## INFORMATION SUPPLIED
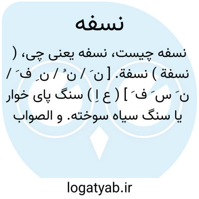 ( نسفة ) نسفة. [ ن َ / ن ُ / ن ِ ف َ / ن َ س َ ف َ ] ( ع اِ ) سنگ پای خوار یا سنگ سیاه سوخته. و الصواب بالشین [ نشفة ] أو لغتان. ( منتهی الارب ). سنگ پای. سنگ سیاه سوخته ای که بدان کف پای را پاک کنند. ( ناظم الاطباء ) ( از اقرب الموارد ). ج، نِسَف، نُسَف، نُسُف، نِساف.
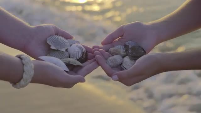 > Teen Girls Run With Gopro Stick On Sandy Beach At Sunset
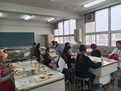 保健給食委員のメンバーが、子どもたちと同じように給食を運び、配膳して、参加者とみんなで美味しく頂きました!
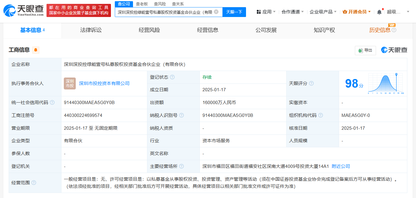 南方财经1月20日电,天眼查App显示,近日,深圳深投控绿能壹号私募股权投资基金合伙企业(有限合伙)成立,执行事务合伙人为深圳市投控资本有限公司,出资额16亿人民币,经营范围包括以私募基金从事股权投资、投资管理、资产管理等活动。合伙人信息显示,该基金由海港人寿保险股份有限公司、深圳市投控资本有限公司共同出资。

## YOUR INSTRUCTIONS
In the material above, retype exactly the lines that run from the one containing "Beach At Sunset" through the last line, and keep out the pictures.

## WRITTEN RESPONSE
 > Teen Girls Run With Gopro Stick On Sandy Beach At Sunset
 保健給食委員のメンバーが、子どもたちと同じように給食を運び、配膳して、参加者とみんなで美味しく頂きました!
 南方财经1月20日电,天眼查App显示,近日,深圳深投控绿能壹号私募股权投资基金合伙企业(有限合伙)成立,执行事务合伙人为深圳市投控资本有限公司,出资额16亿人民币,经营范围包括以私募基金从事股权投资、投资管理、资产管理等活动。合伙人信息显示,该基金由海港人寿保险股份有限公司、深圳市投控资本有限公司共同出资。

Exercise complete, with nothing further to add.